• _Try it_
Exact reproduction required: the lines below from the line with "866 Coast View Dr." to the line with "The photograph above", both ends included, and no others.

• _Provided material_
━━━━
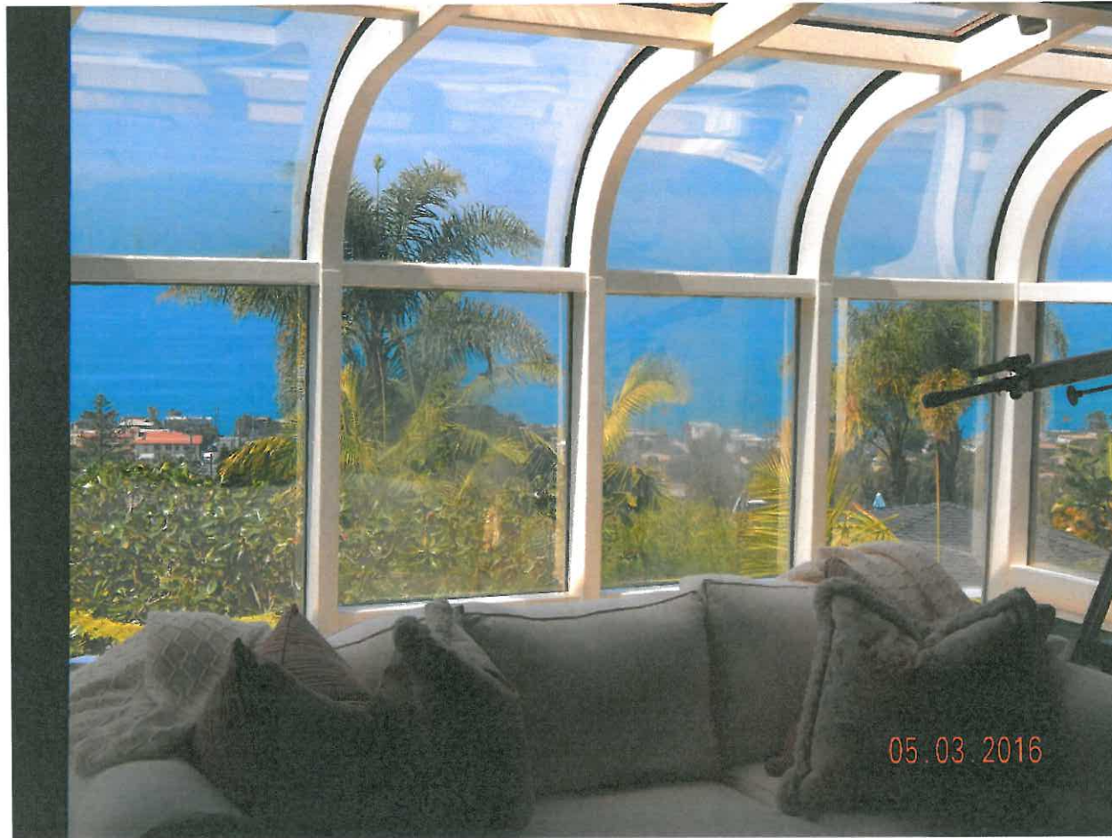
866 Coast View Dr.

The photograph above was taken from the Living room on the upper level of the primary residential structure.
━━━━
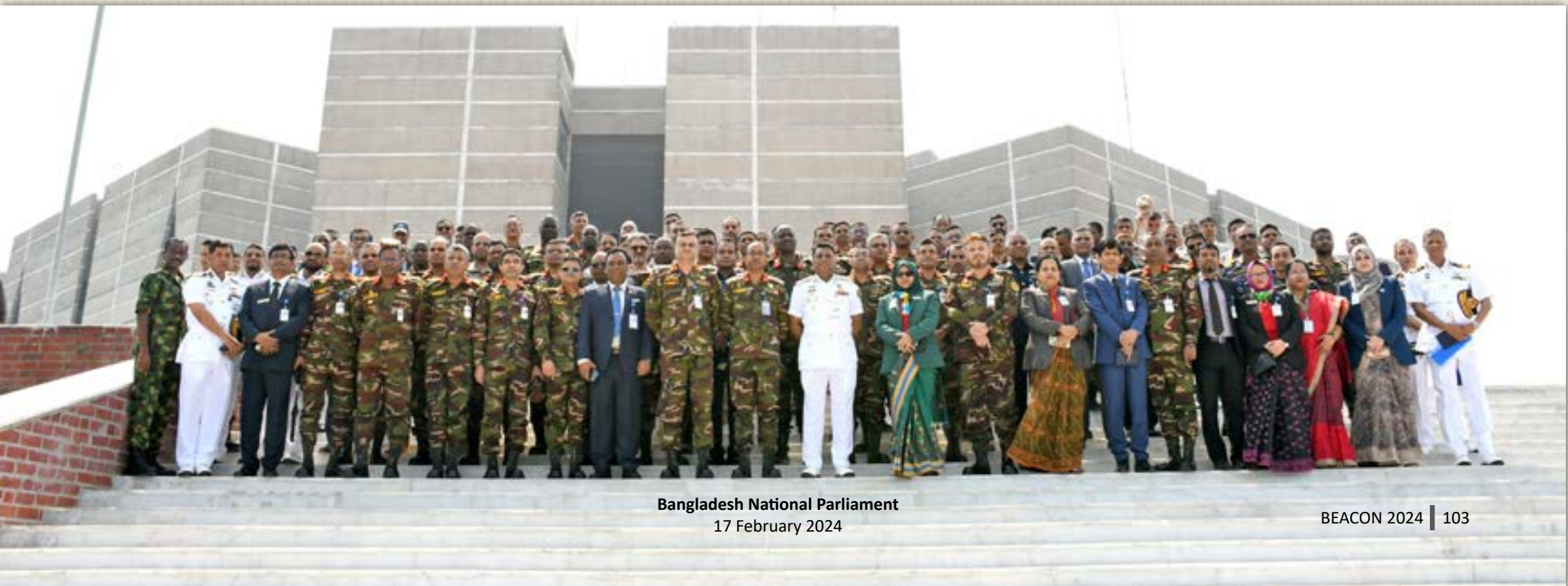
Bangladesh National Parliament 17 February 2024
━━━━
• _Task output_
866 Coast View Dr.

The photograph above was taken from the Living room on the upper level of the primary residential structure.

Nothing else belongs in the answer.